Rather, the situation is paradoxical. The exchange rate of the Korean won rises. This means that the value of the won has fallen. Today, the won-dollar exchange rate in our foreign exchange market opened at 1,287.5 won, up 3.7 won per dollar, exceeding the 1,290 won range and threatening the 1,300 won line. This is partly due to the situation in which the won is exchanged for foreign currency due to demand for overseas travel during the holiday season, but the impact of the US credit rating downgrade cannot be ignored.

It is also interpreted as a preference for safe assets. When the US coughs, the world worries, and when it is worried, the ‘safety asset preference’ is 먹튀검증strengthened, and it prefers the dollar, a safe asset, to the won, a risky asset.
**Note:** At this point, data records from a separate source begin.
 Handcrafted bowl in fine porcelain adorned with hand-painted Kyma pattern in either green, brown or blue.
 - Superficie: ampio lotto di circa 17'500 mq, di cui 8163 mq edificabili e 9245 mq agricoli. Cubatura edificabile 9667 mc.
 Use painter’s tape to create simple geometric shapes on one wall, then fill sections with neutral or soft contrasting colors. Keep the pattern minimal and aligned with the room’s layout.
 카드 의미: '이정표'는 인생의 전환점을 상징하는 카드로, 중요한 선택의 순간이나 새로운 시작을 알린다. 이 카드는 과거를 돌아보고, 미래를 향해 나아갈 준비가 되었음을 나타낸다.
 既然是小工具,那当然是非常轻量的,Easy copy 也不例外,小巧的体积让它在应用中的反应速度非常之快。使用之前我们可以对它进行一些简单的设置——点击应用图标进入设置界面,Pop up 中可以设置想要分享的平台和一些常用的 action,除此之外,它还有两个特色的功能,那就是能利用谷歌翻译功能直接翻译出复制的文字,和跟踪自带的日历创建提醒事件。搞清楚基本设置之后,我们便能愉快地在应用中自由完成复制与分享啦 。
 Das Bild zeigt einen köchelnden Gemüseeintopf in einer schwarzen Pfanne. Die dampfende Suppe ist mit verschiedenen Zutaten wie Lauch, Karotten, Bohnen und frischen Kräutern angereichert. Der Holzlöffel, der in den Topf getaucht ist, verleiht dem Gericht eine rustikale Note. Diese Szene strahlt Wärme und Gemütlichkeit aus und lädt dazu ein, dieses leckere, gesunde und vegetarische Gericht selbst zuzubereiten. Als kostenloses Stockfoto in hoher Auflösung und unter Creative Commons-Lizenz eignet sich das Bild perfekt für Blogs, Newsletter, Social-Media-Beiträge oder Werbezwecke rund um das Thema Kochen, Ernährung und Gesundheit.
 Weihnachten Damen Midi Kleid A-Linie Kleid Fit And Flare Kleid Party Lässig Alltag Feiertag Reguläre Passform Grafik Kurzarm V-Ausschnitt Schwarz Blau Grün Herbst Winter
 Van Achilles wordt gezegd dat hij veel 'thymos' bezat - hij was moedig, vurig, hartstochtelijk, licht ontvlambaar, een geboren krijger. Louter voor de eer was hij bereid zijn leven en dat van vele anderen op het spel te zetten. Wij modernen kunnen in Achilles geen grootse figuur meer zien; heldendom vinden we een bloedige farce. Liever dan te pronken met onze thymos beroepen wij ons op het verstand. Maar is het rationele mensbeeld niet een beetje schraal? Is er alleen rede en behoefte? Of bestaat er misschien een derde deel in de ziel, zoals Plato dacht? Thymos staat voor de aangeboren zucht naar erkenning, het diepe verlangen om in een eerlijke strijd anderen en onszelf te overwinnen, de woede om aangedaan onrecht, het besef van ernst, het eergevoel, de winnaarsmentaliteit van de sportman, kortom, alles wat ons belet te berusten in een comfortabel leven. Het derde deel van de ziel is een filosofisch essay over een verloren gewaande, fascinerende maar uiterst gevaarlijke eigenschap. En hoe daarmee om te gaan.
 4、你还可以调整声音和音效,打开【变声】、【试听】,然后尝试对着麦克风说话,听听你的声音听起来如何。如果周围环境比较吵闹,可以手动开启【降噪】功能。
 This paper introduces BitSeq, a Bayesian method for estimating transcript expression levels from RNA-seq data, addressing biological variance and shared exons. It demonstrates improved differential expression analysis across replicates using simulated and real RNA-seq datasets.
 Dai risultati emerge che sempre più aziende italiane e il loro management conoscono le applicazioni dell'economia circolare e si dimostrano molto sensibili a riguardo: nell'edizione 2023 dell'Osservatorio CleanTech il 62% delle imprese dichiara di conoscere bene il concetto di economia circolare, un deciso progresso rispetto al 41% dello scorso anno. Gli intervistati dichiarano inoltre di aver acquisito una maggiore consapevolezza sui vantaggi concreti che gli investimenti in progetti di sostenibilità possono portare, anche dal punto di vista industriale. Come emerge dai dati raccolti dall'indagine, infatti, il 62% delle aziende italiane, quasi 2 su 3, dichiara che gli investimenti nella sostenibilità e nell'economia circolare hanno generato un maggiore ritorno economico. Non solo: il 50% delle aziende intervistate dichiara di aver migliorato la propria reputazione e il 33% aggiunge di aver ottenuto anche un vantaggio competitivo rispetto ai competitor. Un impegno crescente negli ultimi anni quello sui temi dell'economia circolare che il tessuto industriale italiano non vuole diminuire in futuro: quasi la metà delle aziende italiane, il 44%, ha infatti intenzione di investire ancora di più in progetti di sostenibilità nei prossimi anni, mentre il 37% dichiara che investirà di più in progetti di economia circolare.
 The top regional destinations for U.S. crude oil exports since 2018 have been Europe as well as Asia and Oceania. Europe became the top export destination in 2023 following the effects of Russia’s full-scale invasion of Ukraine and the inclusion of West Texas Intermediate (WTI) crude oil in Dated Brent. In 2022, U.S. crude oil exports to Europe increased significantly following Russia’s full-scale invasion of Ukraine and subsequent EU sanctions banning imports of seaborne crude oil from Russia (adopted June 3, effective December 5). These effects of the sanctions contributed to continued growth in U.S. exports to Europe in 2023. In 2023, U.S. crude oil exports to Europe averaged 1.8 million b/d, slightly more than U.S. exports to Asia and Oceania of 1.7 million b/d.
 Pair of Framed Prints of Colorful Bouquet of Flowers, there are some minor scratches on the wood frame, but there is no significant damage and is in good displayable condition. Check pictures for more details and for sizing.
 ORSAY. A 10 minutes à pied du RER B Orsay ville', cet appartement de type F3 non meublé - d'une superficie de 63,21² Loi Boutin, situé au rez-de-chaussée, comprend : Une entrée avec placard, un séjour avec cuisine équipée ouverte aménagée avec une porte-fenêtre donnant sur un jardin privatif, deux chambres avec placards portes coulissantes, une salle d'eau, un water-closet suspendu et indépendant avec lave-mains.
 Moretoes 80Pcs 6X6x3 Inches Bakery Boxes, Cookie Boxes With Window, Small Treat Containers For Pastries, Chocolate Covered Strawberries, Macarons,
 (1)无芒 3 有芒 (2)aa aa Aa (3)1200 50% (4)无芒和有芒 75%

The government held a ‘president situation inspection meeting’. It means to be vigilant and watch even if nothing happens right away. Bang Ki-seon, 1st Vice Minister of Strategy and Finance, said, “We will strengthen market monitoring while being wary of the possibility of increasing volatility in the domestic and overseas financial markets.”

We’re not alone. Asian stock markets and exchange rates are generally bearish.

■ It was the same in 2011… There is a sense of déjà vu that the gravity of the international financial market is the same

. This time it was pitch, but in 2011 it was Standard & Poor’s ( S&P ). At that time, S&P downgraded the US sovereign credit rating from AAA to AA +. The reason is the same as now. Even at that time, negotiations between US politicians on raising the national debt ceiling were difficult.

There was a lot of confusion at the time. The action sent US stocks down more than 15%. The international financial market was shocked.

In particular, the Korean won exchange rate soared, and the Korean government was in an emergency with capital outflows. Shares are down 17% in six trading days. A sell-off has occurred.

Fortunately, the market doesn’t seem to be that surprised right now. So far, neither the impact on the United States nor the ripple effect on us is significant. The market points out that there is a ‘learning effect’ about the effect because it is not the first time that the US debt ceiling negotiations have been difficult.

But nothing is over yet. “The market will be double-faced,” said David Croy, strategist at Australia and New Zealand Banking Group (ANZ) in Wellington

. “It could lead to buying safe assets such as Treasury bonds and the dollar,” he said.

It is a story that the gravity of the global financial market that bothers us is the same then and now. America doesn’t get sick from coughing. Body aches are likely to be our share.